▶ _EXERCISE DIRECTIONS_: No pictures go into the output, which should consist only of the lines from the first line of the data through the line with "Verdigris Patina Contemporary", copied exactly.

(Stored records)
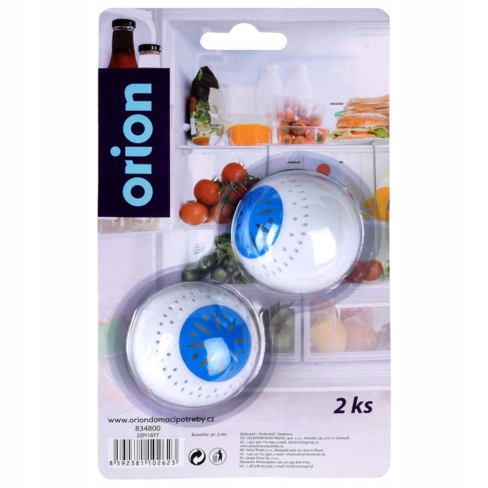 Набор из двух ароматов в форме шарика, которые можно поместить в холодильник. Простой в использовании и удобно использовать. Размещение их в холодильнике помогает поглощать неприятные запахи из различных пищевых продуктов, предотвращая проникновение и смешивание ароматов. Полезно в каждом доме позволит вам дольше сохранять свежесть пищи. Оригинальный продукт чешского бренда Orion. был произведен в соответствии с европейскими стандартами.
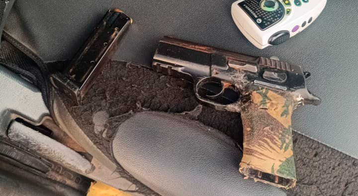 A Polícia Militar prendeu um homem armado logo após o roubo de uma motoneta. O indivíduo também havia ameaçado um motorista de aplicativo utilizando uma pistola e, de posse da motocicleta roubada, fugido em direção a Presidente Médici.
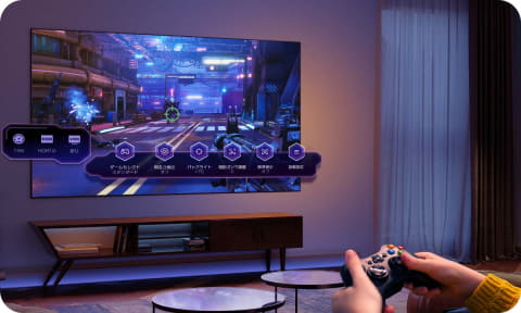 HDMI端子も4系統(65型以上。43~55型は3系統)で、2系統はHDMI 2.1に対応。低遅延ゲームモードにより、特にFPSや格闘・アクションゲームなど判定にシビアなゲームに適している。
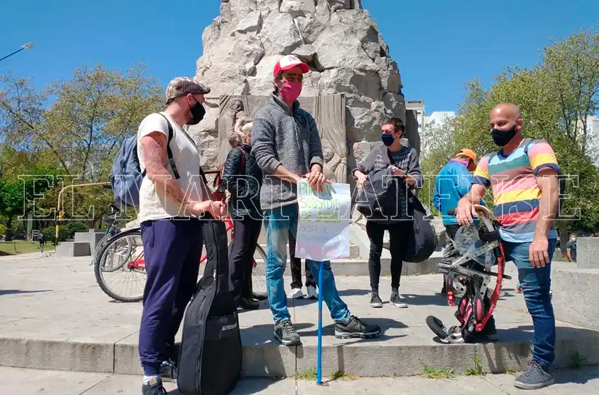 Este jueves al mediodía visibilizaron su realidad con una manifestación en el Monumento a San Martín (Luro y Mitre). Un referente del sector, Facundo Mosquera, explicó que "estamos pidiendo muchas cosas porque son varios sectores que están en una situación muy complicada en lo artístico. Pero una de las cosas es que se declare la emergencia cultural porque hace 200 días que estamos sin poder desarrollar ningún tipo de actividad ya sea lo que es espectáculo, también como lo son las clases y diferentes cosas que los artistas hacemos para vivir".
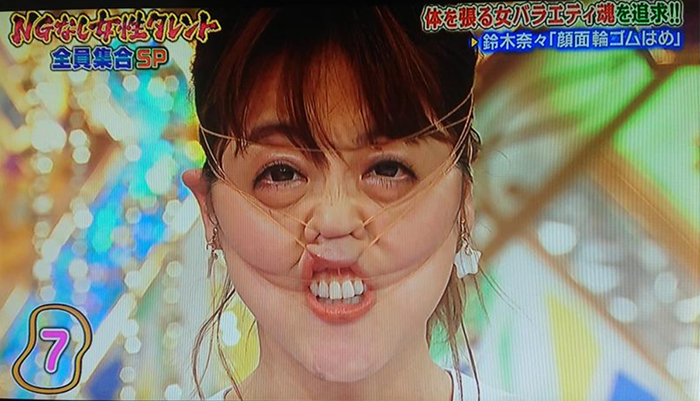 鈴木奈奈剛開始挑戰時,光是一兩條橡皮筋就讓主持人笑得哈哈大笑拍手叫好,而鈴木奈奈還露出微笑繼續把橡皮筋往臉上套,這時來到了第四五條橡皮筋時,一旁作為來賓的女星已經看不下去覺得實在太慘,但另一方面主持人小淳已經笑到倒在地上,此時鈴木奈奈的臉部表情就已非常慘烈,右眼無法睜開,嘴唇被橡皮筋拉住露出一排牙齒,畫面實在是怵目驚心。
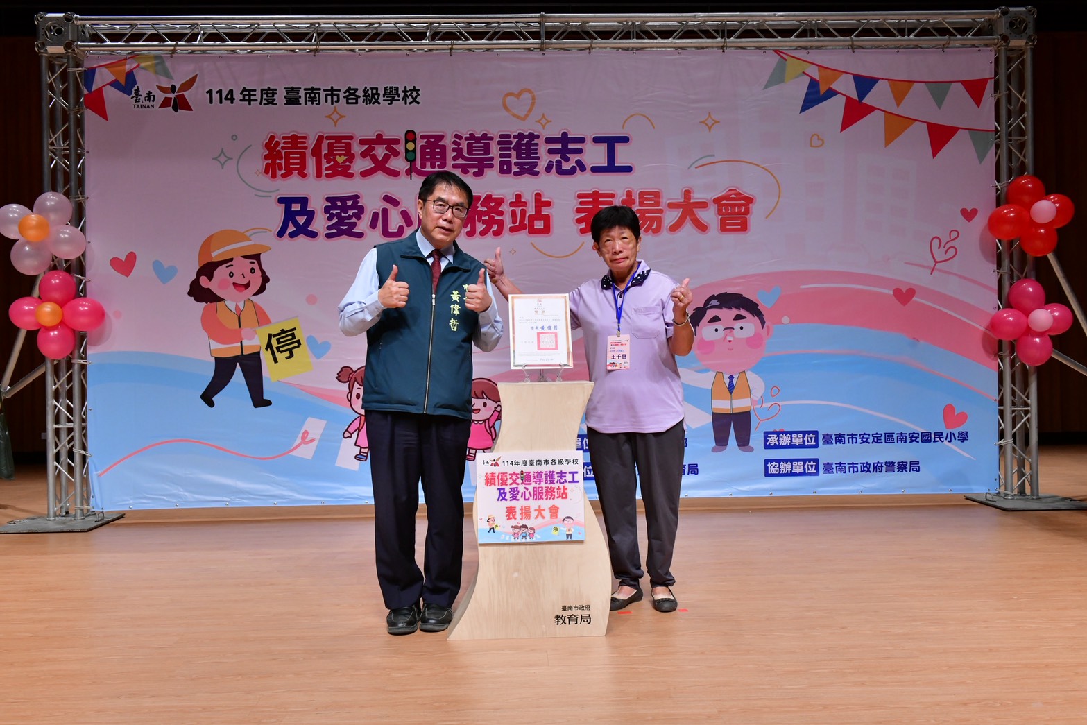 教育局長鄭新輝表示,表揚對象皆由各校遴選推薦,須服務滿年限且表現優異,導護志工須服務滿2年以上,愛心服務站則須至少1年。今年表揚的志工中,服務年資超過20年者有33位,其中30年以上者有8位,分別是歸仁區歸南國小邱玉華及趙玉印、永康區永康國小王千惠、永康區復興國小蔡來美、善化區善糖國小施乃碧、柳營區新山國小許秀花、東區崇學國小侯華受、南區省躬國小戴鳳英,長期堅守崗位守護學生交通安全,令人敬佩。
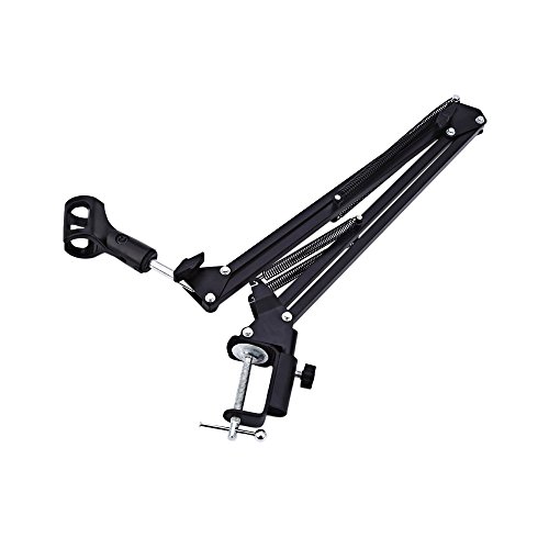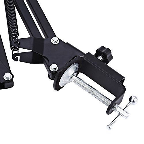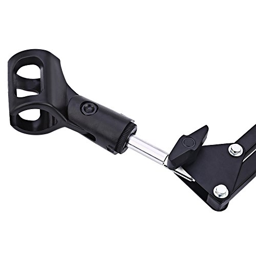 -. Feature : ● Boom Arm Mic Holder: Position your mic exactly where needed. / ● Quick and reliable microphone placement with hand-held microphone clip. / ● Universal mounting clamp: Attaches to tables, desks, shelves, counters, etc. / ● It can be widely used in Home Network Microphone, Dynamic Microphone, Condenser Mic, Recording Studios and Radio Stations and other occasions. / ● Dual metal support arms and boom mount, convenient universal table clamp mount attachment.
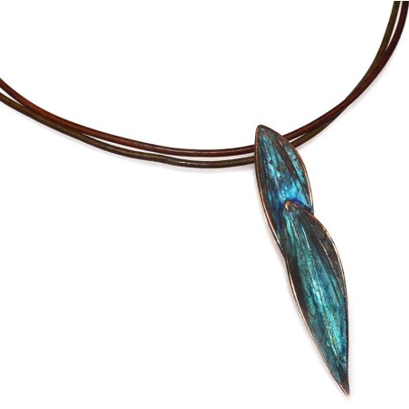 Verdigris Patina Contemporary Overlapping Leaves Pendant on Rawhide
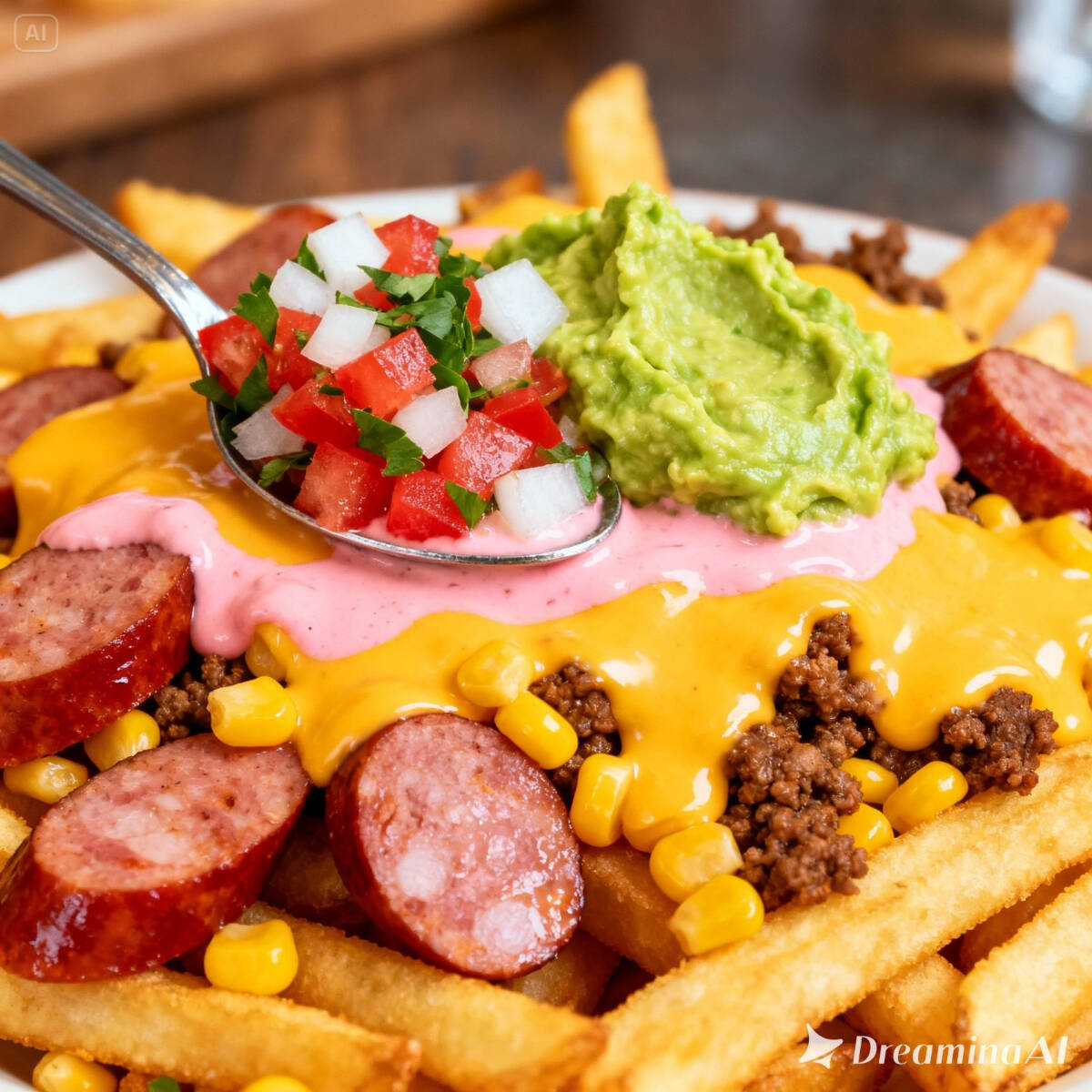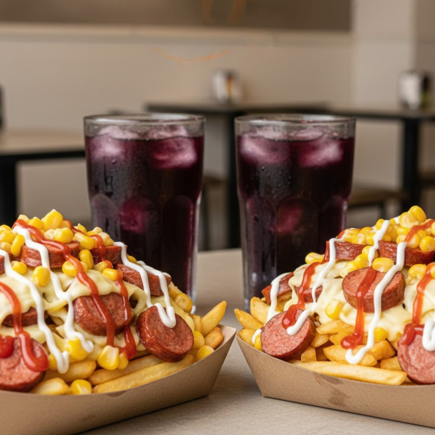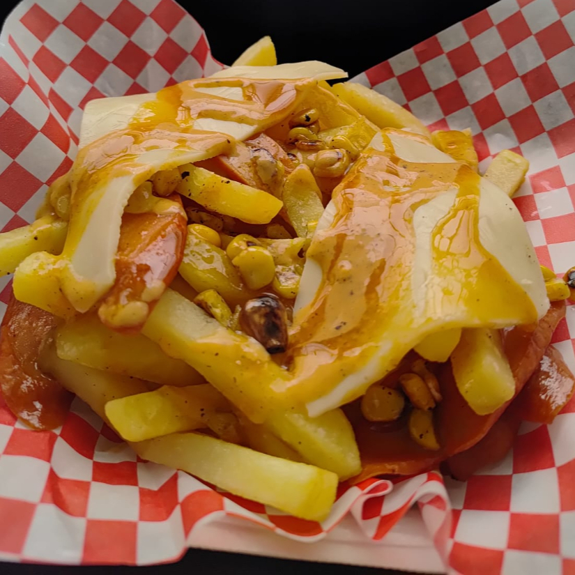 Papas a la francesa 300g, salchicha , queso Mozarella derretido, Maiz tierno salteado.
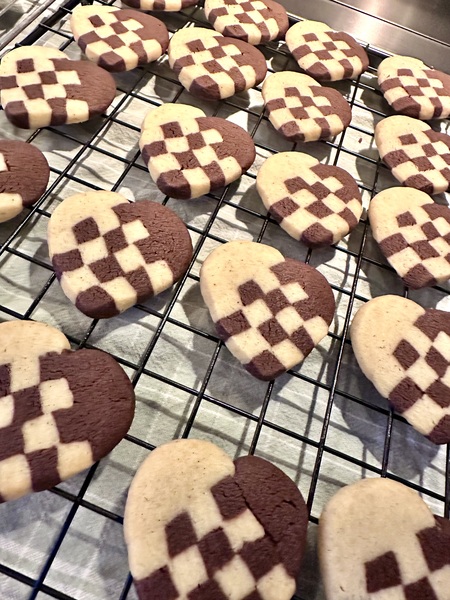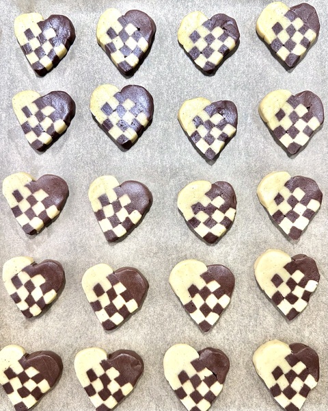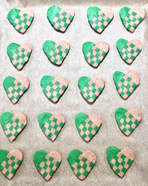 | Kjør romtemperert smør, mel, melis og smaks-/fargekomponent raskt samme i en foodprosessor til sand-konsistens. Hell smulene på et bakeark på benken og kna raskt sammen. Pakk deigen inn i plast og la den hvile i kjøleskapet i minst en time. Kjevle deigen til et jevnt kvadrat på ca 0,4-0,6 cm tykkelse. Skjær så strimler med samme tykkelse og legg annenhver i rutemønster. Dette danner «flettingen» på hjertet. Ta resten av deigen i en farge og rull til en pølse, og del denne i to på langs. Legg den på en av kantene, og gjenta med den andre fargen. Dette danner «toppene» på hjertet. Skjær i tynne skiver og legg på bakepapirkledd bakebrett. Stek på 175 grader i ca 15-17 minutter. De skal være lett lett gyldne i kantene. Avkjøl på rist og oppbevar i tett kakeboks. |
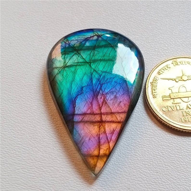 Labradorite Black Rainbow Plain Natural Gemstone Cabochon Loose Pendant Size Pear Shape Natural Good Quality
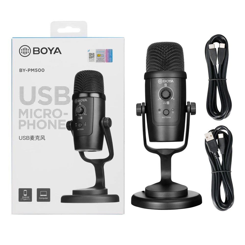 Le BOYA BY-PM500 est un microphone USB polyvalent compatible avec les ordinateurs Windows, Mac et la plupart des appareils de type C. Avec une réponse fluide et à large spectre, ce microphone offre une qualité sonore exceptionnelle grâce à sa résolution de 24 bits/48 kHz. Le BOYA BY-PM500 propose deux polarités sélectionnables, cardioïde et omnidirectionnelle, permettant une grande flexibilité dans différents environnements d’enregistrement. Il est équipé d’une fonction de muting et d’une prise casque 3,5mm pour un monitoring sans latence.
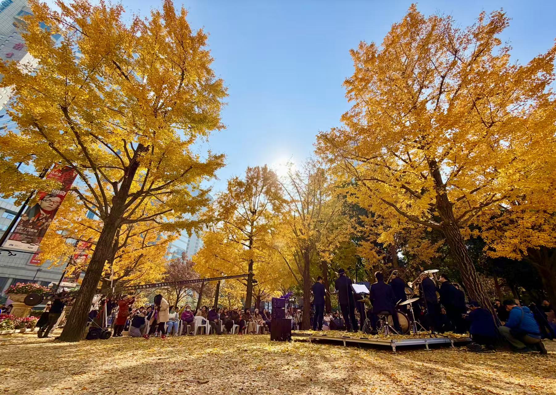 12月6日,陪伴申城市民走过12年的“季节限定”银杏音乐会再次如约而至,以“杏会金响”为主题,集结十一支铜管和打击乐,用磅礴声浪重塑了城市户外艺术新体验。

▶ _SOLUTION_:
 Набор из двух ароматов в форме шарика, которые можно поместить в холодильник. Простой в использовании и удобно использовать. Размещение их в холодильнике помогает поглощать неприятные запахи из различных пищевых продуктов, предотвращая проникновение и смешивание ароматов. Полезно в каждом доме позволит вам дольше сохранять свежесть пищи. Оригинальный продукт чешского бренда Orion. был произведен в соответствии с европейскими стандартами.
 A Polícia Militar prendeu um homem armado logo após o roubo de uma motoneta. O indivíduo também havia ameaçado um motorista de aplicativo utilizando uma pistola e, de posse da motocicleta roubada, fugido em direção a Presidente Médici.
 HDMI端子も4系統(65型以上。43~55型は3系統)で、2系統はHDMI 2.1に対応。低遅延ゲームモードにより、特にFPSや格闘・アクションゲームなど判定にシビアなゲームに適している。
 Este jueves al mediodía visibilizaron su realidad con una manifestación en el Monumento a San Martín (Luro y Mitre). Un referente del sector, Facundo Mosquera, explicó que "estamos pidiendo muchas cosas porque son varios sectores que están en una situación muy complicada en lo artístico. Pero una de las cosas es que se declare la emergencia cultural porque hace 200 días que estamos sin poder desarrollar ningún tipo de actividad ya sea lo que es espectáculo, también como lo son las clases y diferentes cosas que los artistas hacemos para vivir".
 鈴木奈奈剛開始挑戰時,光是一兩條橡皮筋就讓主持人笑得哈哈大笑拍手叫好,而鈴木奈奈還露出微笑繼續把橡皮筋往臉上套,這時來到了第四五條橡皮筋時,一旁作為來賓的女星已經看不下去覺得實在太慘,但另一方面主持人小淳已經笑到倒在地上,此時鈴木奈奈的臉部表情就已非常慘烈,右眼無法睜開,嘴唇被橡皮筋拉住露出一排牙齒,畫面實在是怵目驚心。
 教育局長鄭新輝表示,表揚對象皆由各校遴選推薦,須服務滿年限且表現優異,導護志工須服務滿2年以上,愛心服務站則須至少1年。今年表揚的志工中,服務年資超過20年者有33位,其中30年以上者有8位,分別是歸仁區歸南國小邱玉華及趙玉印、永康區永康國小王千惠、永康區復興國小蔡來美、善化區善糖國小施乃碧、柳營區新山國小許秀花、東區崇學國小侯華受、南區省躬國小戴鳳英,長期堅守崗位守護學生交通安全,令人敬佩。
 -. Feature : ● Boom Arm Mic Holder: Position your mic exactly where needed. / ● Quick and reliable microphone placement with hand-held microphone clip. / ● Universal mounting clamp: Attaches to tables, desks, shelves, counters, etc. / ● It can be widely used in Home Network Microphone, Dynamic Microphone, Condenser Mic, Recording Studios and Radio Stations and other occasions. / ● Dual metal support arms and boom mount, convenient universal table clamp mount attachment.
 Verdigris Patina Contemporary Overlapping Leaves Pendant on Rawhide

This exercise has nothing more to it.